Extracted information:

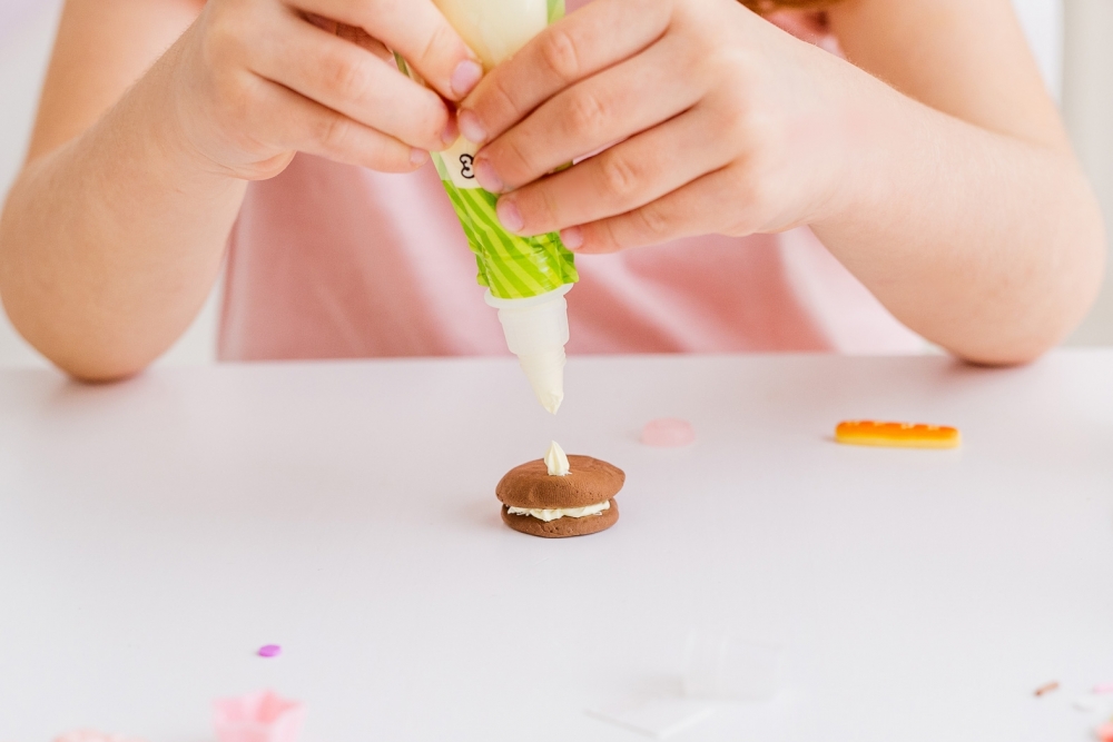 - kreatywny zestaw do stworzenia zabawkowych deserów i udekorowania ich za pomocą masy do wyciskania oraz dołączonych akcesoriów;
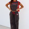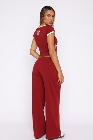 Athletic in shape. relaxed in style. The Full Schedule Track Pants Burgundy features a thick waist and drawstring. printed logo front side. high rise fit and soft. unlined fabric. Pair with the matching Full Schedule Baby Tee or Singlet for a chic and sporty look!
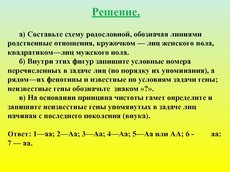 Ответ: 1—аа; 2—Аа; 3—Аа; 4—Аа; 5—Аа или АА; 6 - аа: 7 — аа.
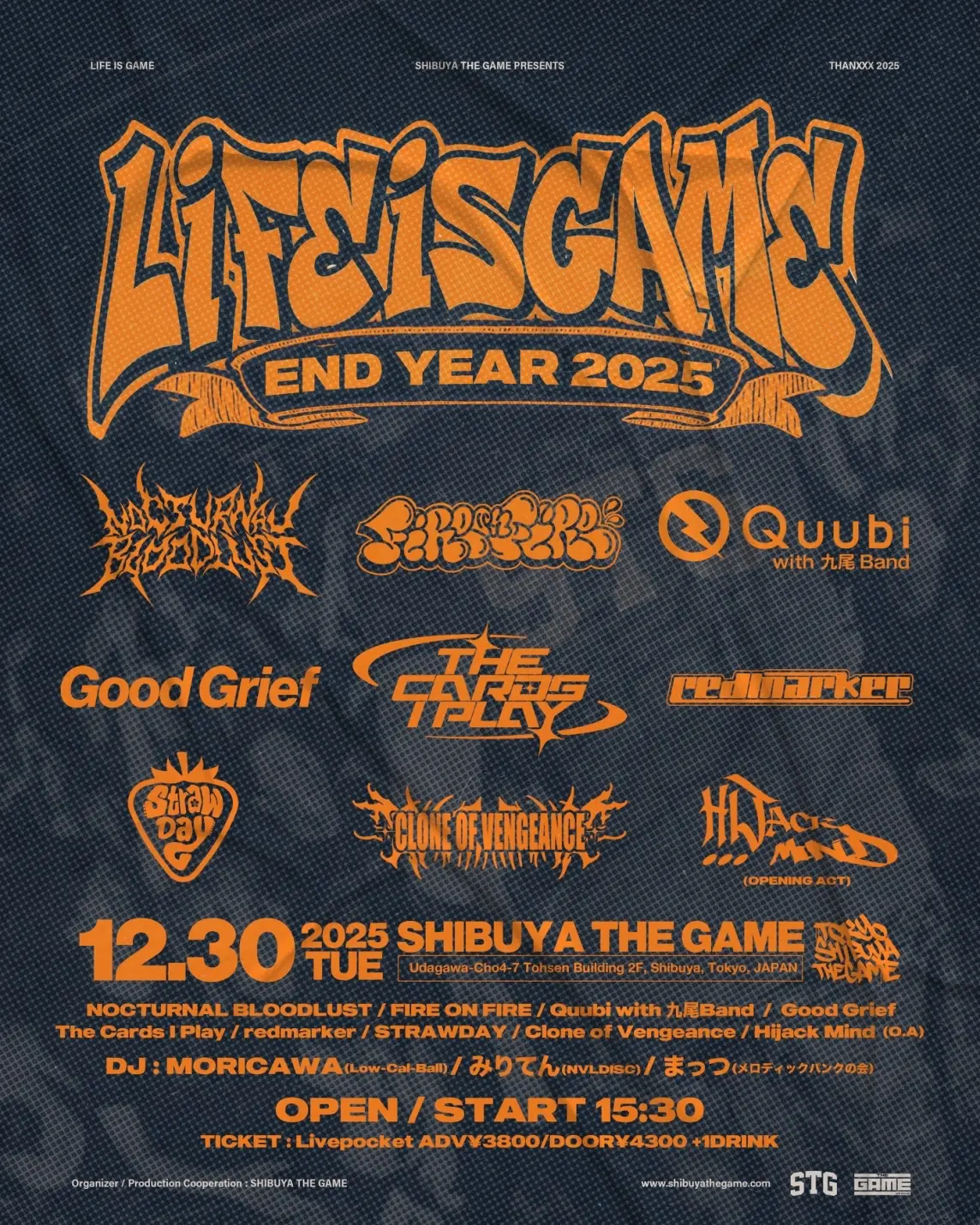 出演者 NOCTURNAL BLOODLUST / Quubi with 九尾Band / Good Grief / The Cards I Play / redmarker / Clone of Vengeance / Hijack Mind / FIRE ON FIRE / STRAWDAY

...

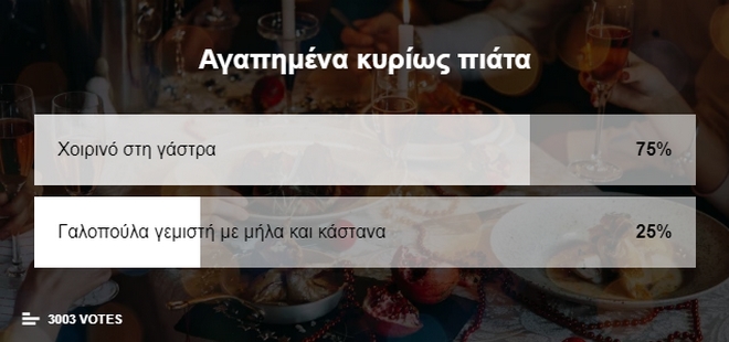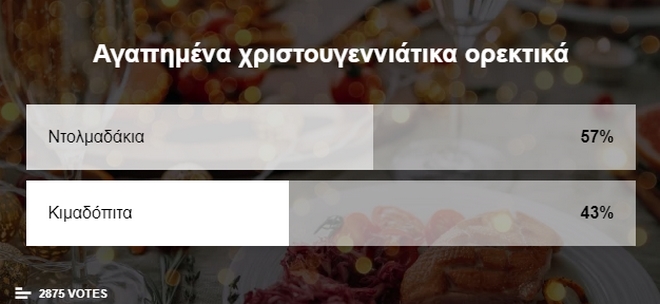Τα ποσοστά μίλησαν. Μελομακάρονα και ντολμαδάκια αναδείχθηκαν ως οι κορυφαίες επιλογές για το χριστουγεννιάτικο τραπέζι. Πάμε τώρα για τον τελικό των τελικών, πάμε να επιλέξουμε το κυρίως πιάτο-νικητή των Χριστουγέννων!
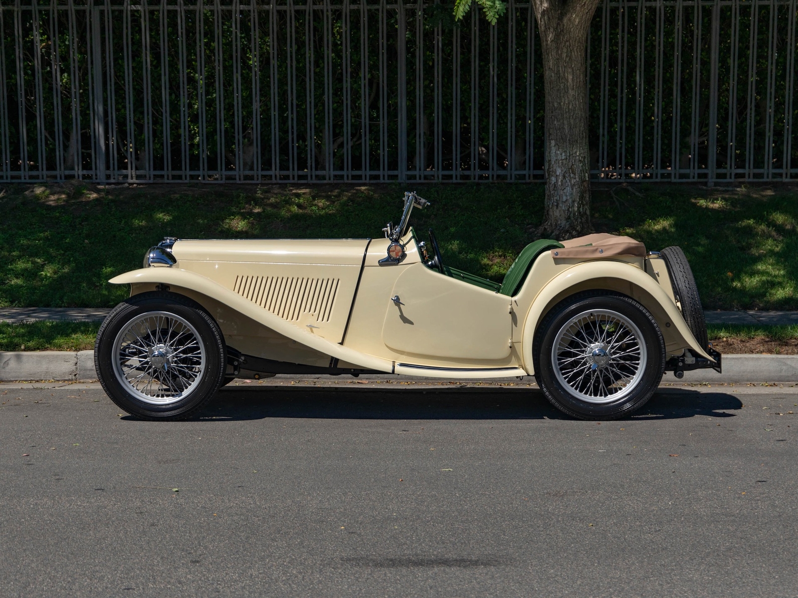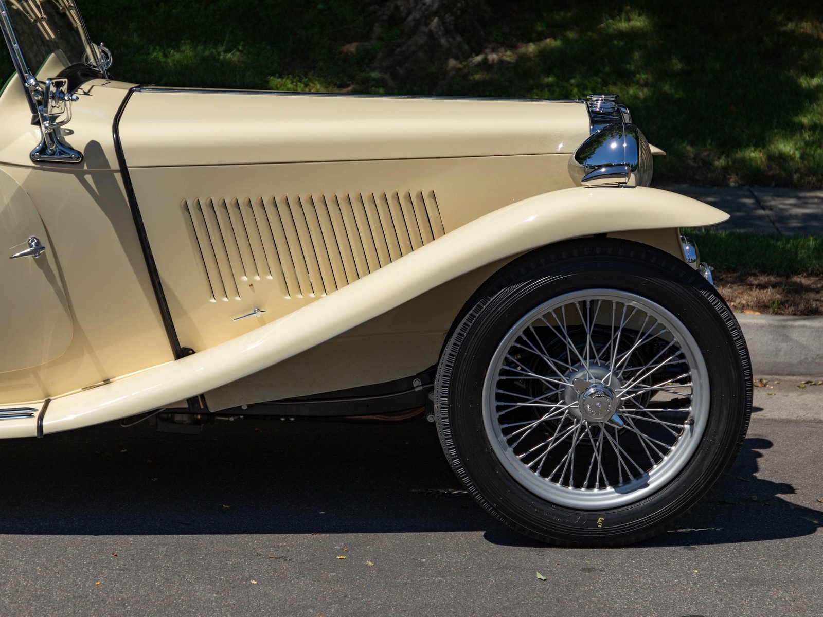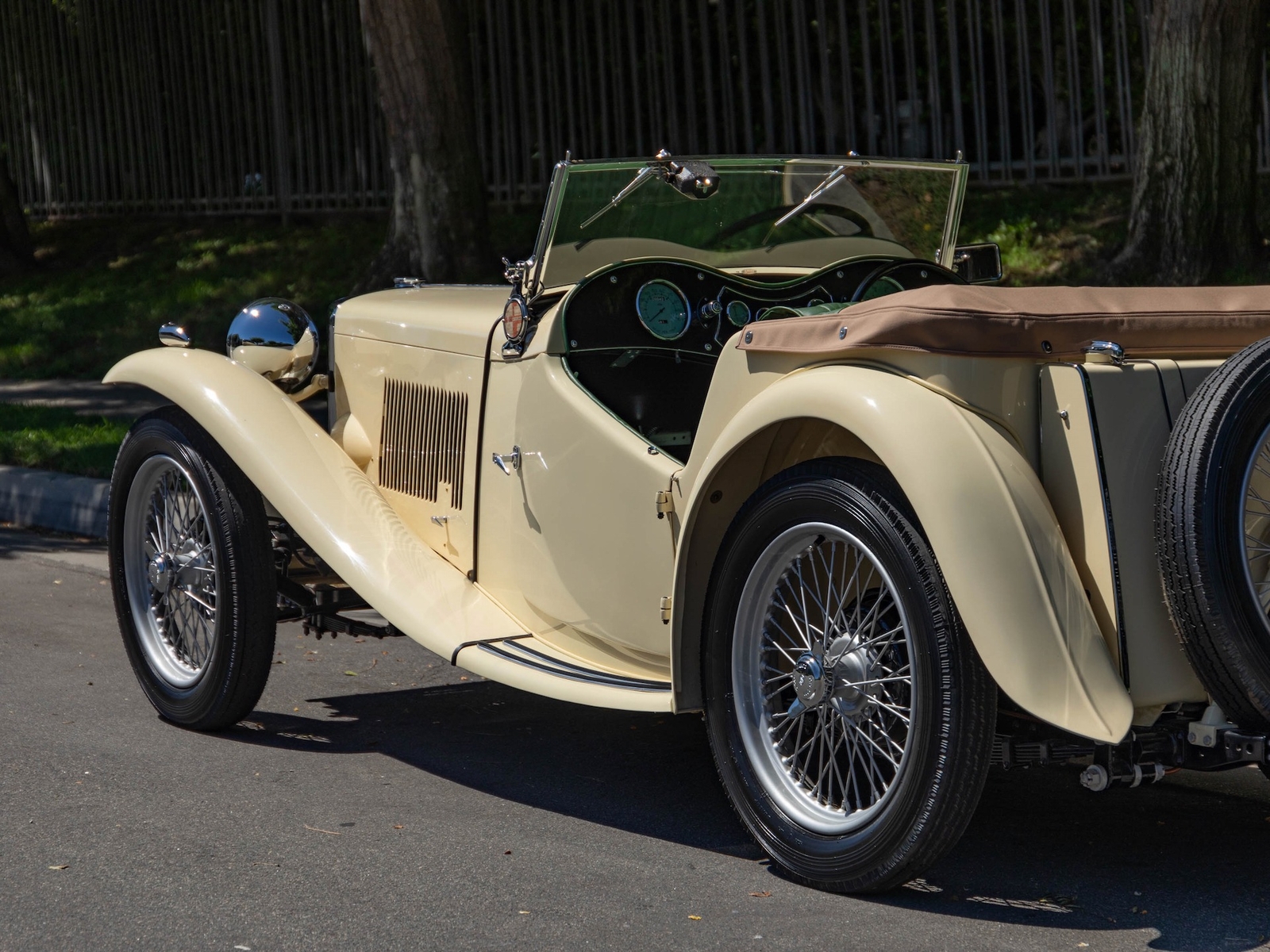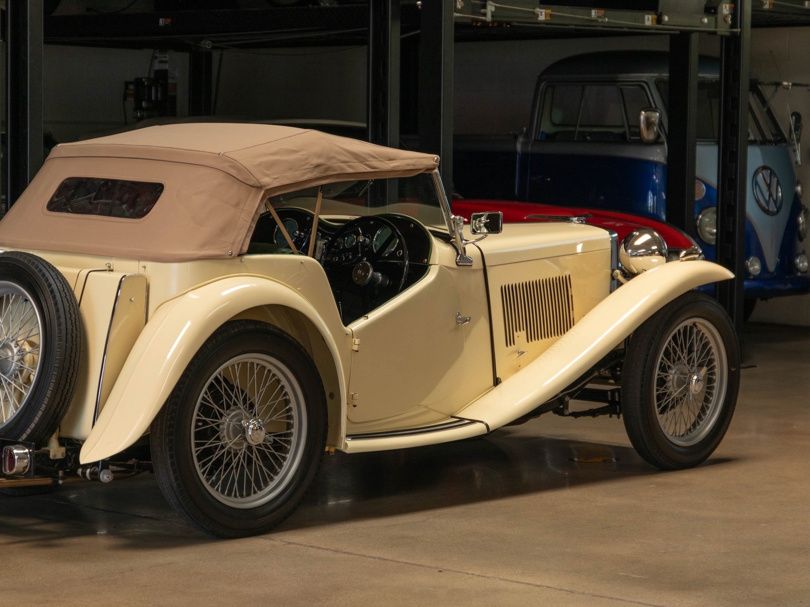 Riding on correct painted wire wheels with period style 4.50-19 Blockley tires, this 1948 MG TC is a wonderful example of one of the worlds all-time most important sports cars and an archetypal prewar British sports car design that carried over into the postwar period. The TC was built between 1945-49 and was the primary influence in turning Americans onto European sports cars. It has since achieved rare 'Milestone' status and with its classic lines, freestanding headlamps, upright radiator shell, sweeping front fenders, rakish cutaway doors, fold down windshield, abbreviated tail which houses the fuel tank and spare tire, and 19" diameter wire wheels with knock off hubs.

---

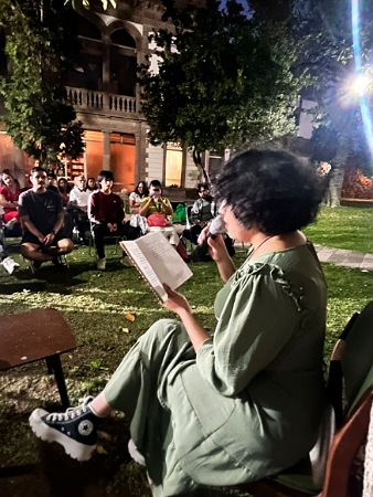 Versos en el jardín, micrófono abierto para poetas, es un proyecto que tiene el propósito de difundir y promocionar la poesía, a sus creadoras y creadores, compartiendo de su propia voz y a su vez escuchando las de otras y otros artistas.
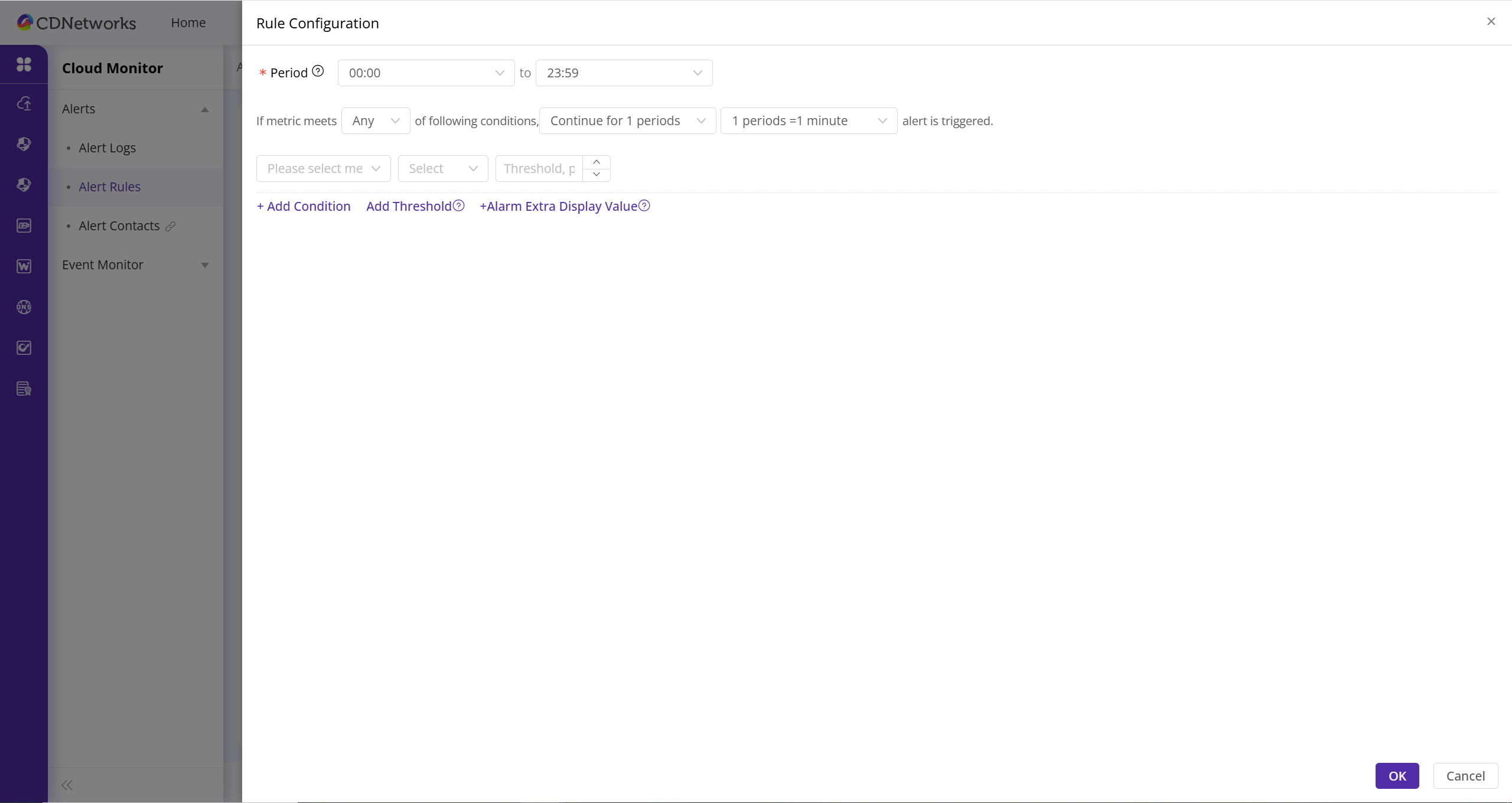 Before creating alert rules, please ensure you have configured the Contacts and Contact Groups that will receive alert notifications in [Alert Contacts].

Task directions:
All pictures are to be skipped. Output, word for word, the lines in the data above starting at the line containing "- kreatywny zestaw" and ending at the line containing "出演者 NOCTURNAL BLOODLUST".

Solution to the problem:
 - kreatywny zestaw do stworzenia zabawkowych deserów i udekorowania ich za pomocą masy do wyciskania oraz dołączonych akcesoriów;
 Athletic in shape. relaxed in style. The Full Schedule Track Pants Burgundy features a thick waist and drawstring. printed logo front side. high rise fit and soft. unlined fabric. Pair with the matching Full Schedule Baby Tee or Singlet for a chic and sporty look!
 Ответ: 1—аа; 2—Аа; 3—Аа; 4—Аа; 5—Аа или АА; 6 - аа: 7 — аа.
 出演者 NOCTURNAL BLOODLUST / Quubi with 九尾Band / Good Grief / The Cards I Play / redmarker / Clone of Vengeance / Hijack Mind / FIRE ON FIRE / STRAWDAY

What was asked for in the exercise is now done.